As stores have re-opened, the company has experienced higher conversion ratios and higher per-unit transactions, offset by reduced traffic. Generally, sales have been better than the original plan set for fiscal 2020 for those stores that are open, with some stores exceeding plan and some stores showing declines. E-commerce sales continue to trend higher than in the prior year and the original plan for fiscal 2020; however, some tapering of this increase is anticipated.
Fiscal 2020 Earnings Outlook
The impacts of the COVID-19 pandemic are expected to continue as the company’s operations and supply chains, economic conditions and consumer spending adapt to the impacts of COVID-19 being present where the company operates, procures merchandise and raises capital. Considerable uncertainty exists regarding how this pandemic may affect sales and operations for the remainder of the fiscal year. As a result, the company is not providing guidance for fiscal year 2020.

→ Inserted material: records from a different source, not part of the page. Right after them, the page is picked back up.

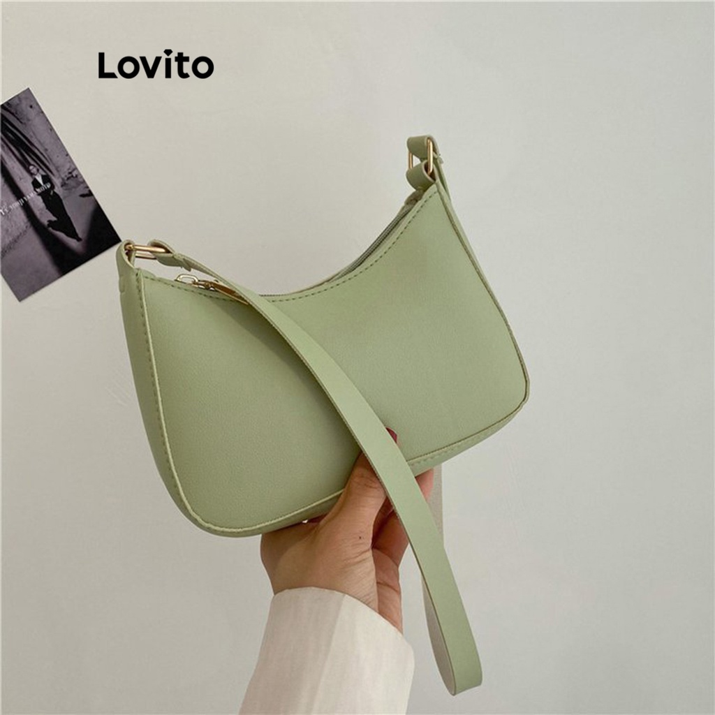 Lovito Túi Đeo Vai Hobo nữ màu trơn cổ điển hoài cổ l63ad324 (Kaki/Hồng đậm/Xanh lá/Đen)
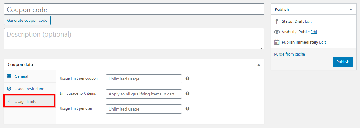 - Limit usage to X items : How many items the coupon can be applied to before being invalid. This field is only displayed if there are one or more products that the coupon can be used with, and is configured under the Usage Restrictions.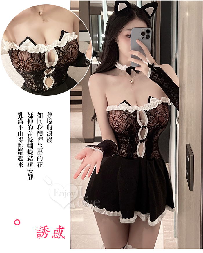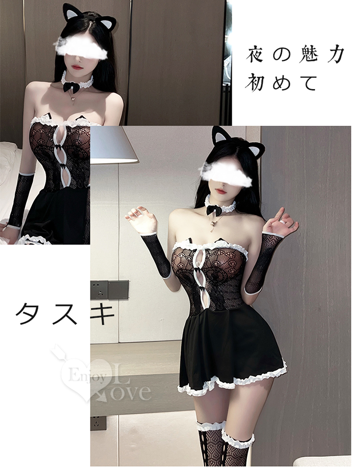 ►您現在的位置:首頁>極性貓裝!性感小野貓木耳花邊平口網衣裙五件式套裝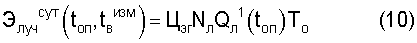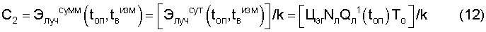 Суточные затраты на энергию С2 в системе лучистого электрического или газового обогрева Элуч сут(tоп, tв) пропорциональны удельной стоимости энергии данного вида Цэг, руб./кВт·ч, в данном регионе страны, количеству зон обогрева, или количеству лучистых обогревателей в помещении Nл, отн. ед., мощности применяемого обогревателя Qл 1(tоп, tв), кВт.

Store Openings and Closings
No new stores were opened in the first quarter of fiscal 2020 and two stores were closed. The company expects to open four stores and close seven to ten stores during fiscal 2020 compared to one store opening and six store closings in fiscal 2019.
Share Repurchase Program
As of May 2, 2020, the company had $43.1 million available for future repurchases under its share repurchase program. The company does not anticipate repurchasing any shares in fiscal 2020 but will continue to reevaluate further share repurchases on an ongoing basis.